Bonnie Crowther has an unusual and even a tedious craft for a hobby.

NNSL photo/graphic

Bonnie Crowther of Hay River displays two samples of her fish-scale art. - Paul Bickford/NNSL photo

However, she also finds it relaxing and very satisfying.

The Hay River woman uses dyed fish scales to create images of flowers in remarkably attractive works of art.

"You would never envision a flower from that, and I think it just caught my eye because it was so different," she said. "Unless you see a finished product, you would never believe that could be done out of fish scales."

Crowther, 56, became interested in fish-scale art more than a decade ago after seeing an example of the craft owned by a friend in Hay River, where she has lived since she was a child.

"I decided to try it, and over the years I've kind of developed my own style," she said.

As far as she knows, there is only one other person in the Hay River area who does the craft as a hobby.

"It's not a common craft at all," said Crowther, who is of Cree heritage and originally from Manitoba.

"I think one of the reasons that not so many people do it is it's very tedious," she explained. "It takes a lot of time.

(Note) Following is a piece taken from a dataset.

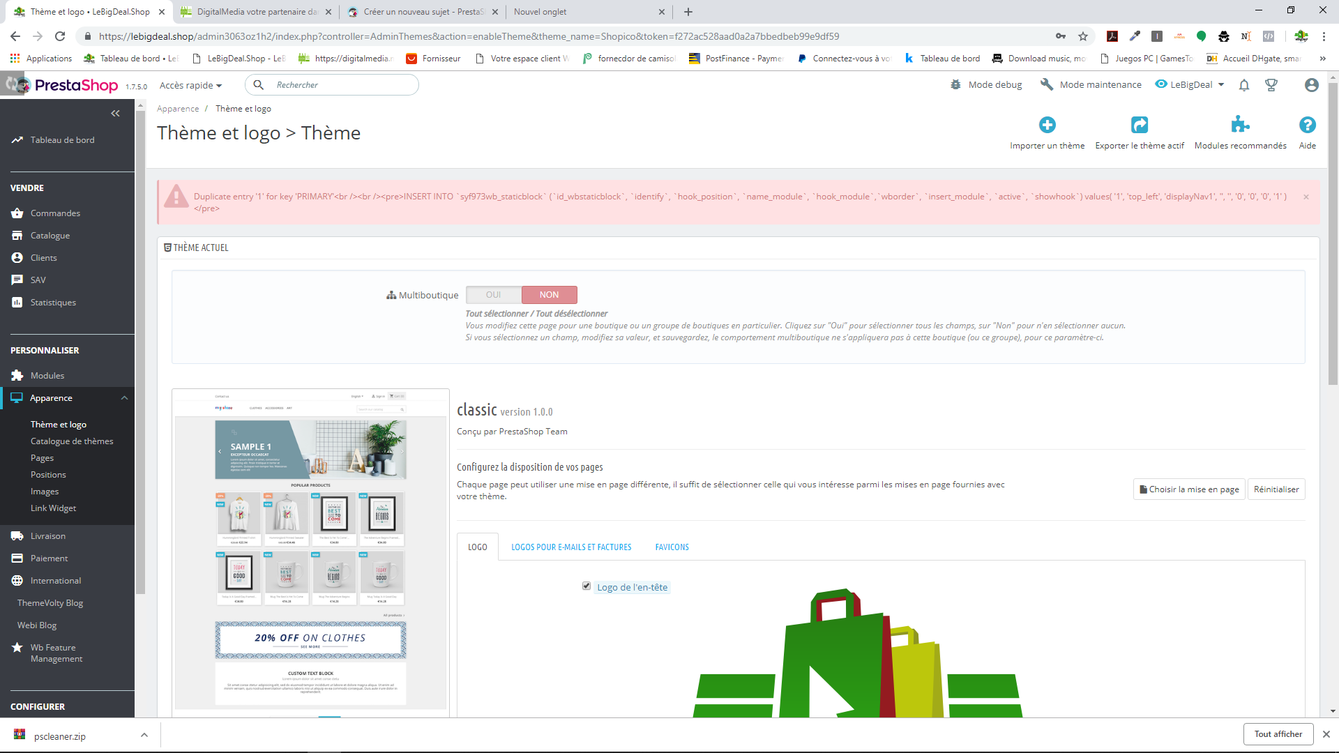 LusoServices Posted February 15, 2019 Share Posted February 15, 2019 Bonjour j'ai un probleme avec deux themes achetes et compatibles avec la 1.7.5 mais j'ai un gros probleme a quand je vais pour choisr un j'ai une erreur de php quand je vais pour choisir le deuxieme j'ai un autre message d'erreur "Duplicate" ça c'est pour le theme achete "Shopico" voir anexes. Meme le theme par defaut le classic ne s'affiche pas quelqu'un pour m'aider s'il vous plait. ScreenCapture_14_02.2019_20_10.59.xesc Link to comment Share on other sites More sharing options...

You could never sell it for the amount of time you put into it."

It usually takes Crowther, who works as a correctional officer supervisor, about eight hours to create each piece of art.

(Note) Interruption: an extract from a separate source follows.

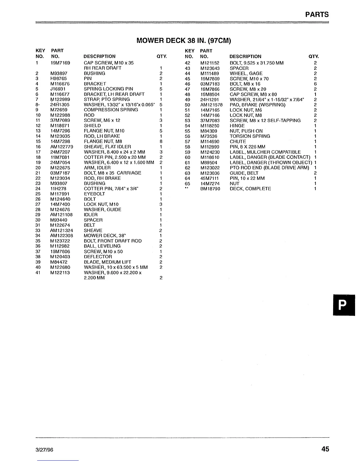 Sabre 1646 Hydro - 38-INCH MOWER DECK Parts List

"That's the actual making of that piece," she noted. "That's not the processing of the scales and vertebra. That's all separate."

She said each piece of work she creates uses about 100 scales. As the average fish she uses has around one thousand scales, Crowther said she can make a few pieces from a single catch. One fish also gives her enough vertebra and rib material for two or three creations.

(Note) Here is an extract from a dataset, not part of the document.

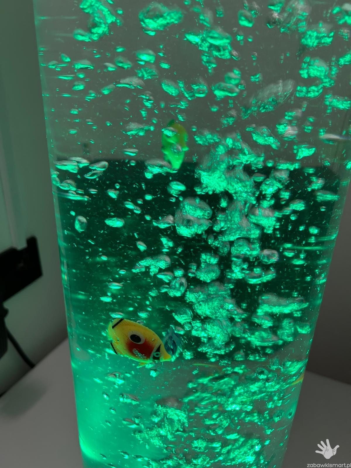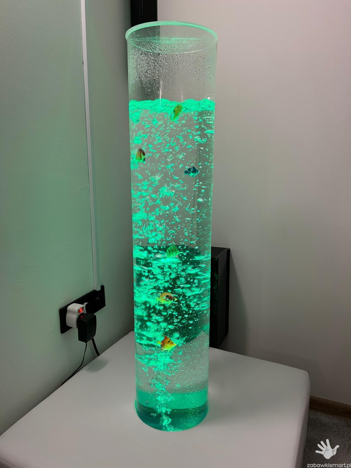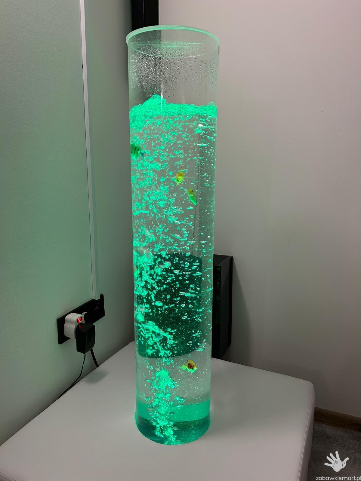 Wykonana jest z przezroczystej, bezpiecznej rury, zamontowanej w stabilnej, drewnianej podstawie. Od spodu wydostaje się powietrze, które wywołuje powstawanie wodnych bąbelków przepływających w strumieniu łagodnie zmieniającego się światła- co dostarcza miłych wrażeń wzrokowych.

As for why she does it, she said she finds it really satisfying.

"When I sit down to do it, it's really relaxing and I'm always excited to see the finished product," she said. "I have in my head basically what the piece is going to look like, but then, once I start, it sometimes goes in a totally different direction. So the piece turns out different than what I had first imagined. I find it exciting to be able to see what it turns out like."

Crowther can't go to a craft store to buy her supplies mainly whitefish scales for petals, pickerel scales for leaves and vertebra for stems.

"Sometimes I go down to the river and I fish," she said, adding she and her husband eat the fish and save the scales. "So everything is used."

While she creates images of flowers, which is the common style for the craft, Crowther has some other ideas, but has not yet had time to try to create them.

"It's a matter of getting the right types of scales for them," she said. "I wanted to try a peacock and I got my mother to send me some carp scales from Manitoba. They're really big scales, and I thought I could use those for the plumage, but when I dried them they curled right up into a cylinder, so they didn't work."

On the Internet, she has even seen some fish-scale art in the form of broaches and jewelry.

Each year, Crowther offers one of her fish art creations as a prize for someone sponsoring her in the CIBC Run for Our Lives, a fundraising event for breast cancer research, education and awareness set for Sept. 18 in Hay River.

On Sept. 3, she also displayed her work for the first time at the Hay River Fisherman's Wharf open market and hopes to have enough ready for an annual crafts sale just before Christmas.